Постепенно Сократ отказывается от навязчивых вопросов и становится скорее не спрашивающим, а испытуемым; он стремится на деле доказать свое притязание на знание. Знание не просто состоит в изречении истины, а достигается в диалоге, предполагающем безграничную готовность к обоснованию всего сказанного. Нацеленность на предмет, учет разнообразных мнений делает диалог диалектической и одновременно научной формой речи.

Диалог Сократа меняет само понятие знания. То, что сообща обсуждается, не есть некая тайная, священная и недоступная профанам мудрость, а наоборот, доступное и понятное для всех знание о благе, составляющего бытийный способ человеческого существования. Человек живет на основе понятия добродетели (arete) и понимает себя исходя из возможности блага. Совершенство — государственное качество гражданина полиса. Однако далеко не каждый понимает свое назначение и далеко не всегда оно может быть описано как нормативно-обязательное знание.

Чаще всего знание блага еще не ведет к конкретным добродетельным поступкам. Отсюда то, чего добивается Сократ, нельзя считать чем-то вроде общих моральных норм. Скорее, его интересует вопрос, как они применяются тем или иным индивидом в тех или иных обстоятельствах. Каждый должен уметь дать отчет, почему он поступил так, а не иначе.

Диалог является как раз наиболее оптимальной формой разговоров об этическом. Ни одно отдельное знание или умение не является благим само по себе и нуждается в оправдании. Но это не вопрос о долге или некой общей обязанности, о которой знают и которой следуют. Даже в том случае, когда не нарушают общепринятых норм, поведение может оказаться плохим и наоборот, например, временное отступление с целью собраться с силами и победить не является трусостью. Отсюда и возникает необычный вопрос Сократа о том, что делает благим тот или иной поступок.

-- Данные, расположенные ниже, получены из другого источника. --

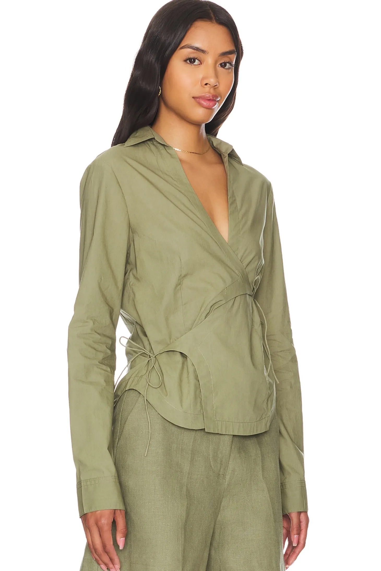100% cotton.Made in Indonesia.Hand wash.Surplice front with tie closure.Buttoned cuffs.Item not sold as set.Poplin fabric

Однако вопрос Сократа отчасти и опасен: если понимание высшего блага сомнительно, то не следует ли принять в качестве наиболее достоверной ориентации принцип наслаждения?

Диалог Сократа

Итак, благо может пониматься как моральное и как гедонистическое понятие. Но даже в случае выбора удовольствия следует спросить не только о том, для чего оно, но и о том, на что оно опирается. Сократовский диалог, с одной стороны, нацелен на опровержение принципа удовольствия, но, с другой стороны, не ведет к аскетизму, а наоборот, стремится определить, в чем состоит истинное удовольствие.

Опровержение Сократ осуществляет с помощью иронии: поддаваясь напору противника, признавая себя недостаточно сведущим, он затем в полной мере использует коммуникативную возможность сократовского диалога и задает каверзный вопрос. Требуя все новых уточнений и дополнений, Сократ радикально изменяет исходную установку того, с кем он вступил в разговор, пытается показать оппоненту неприемлемость его тезиса для самого себя.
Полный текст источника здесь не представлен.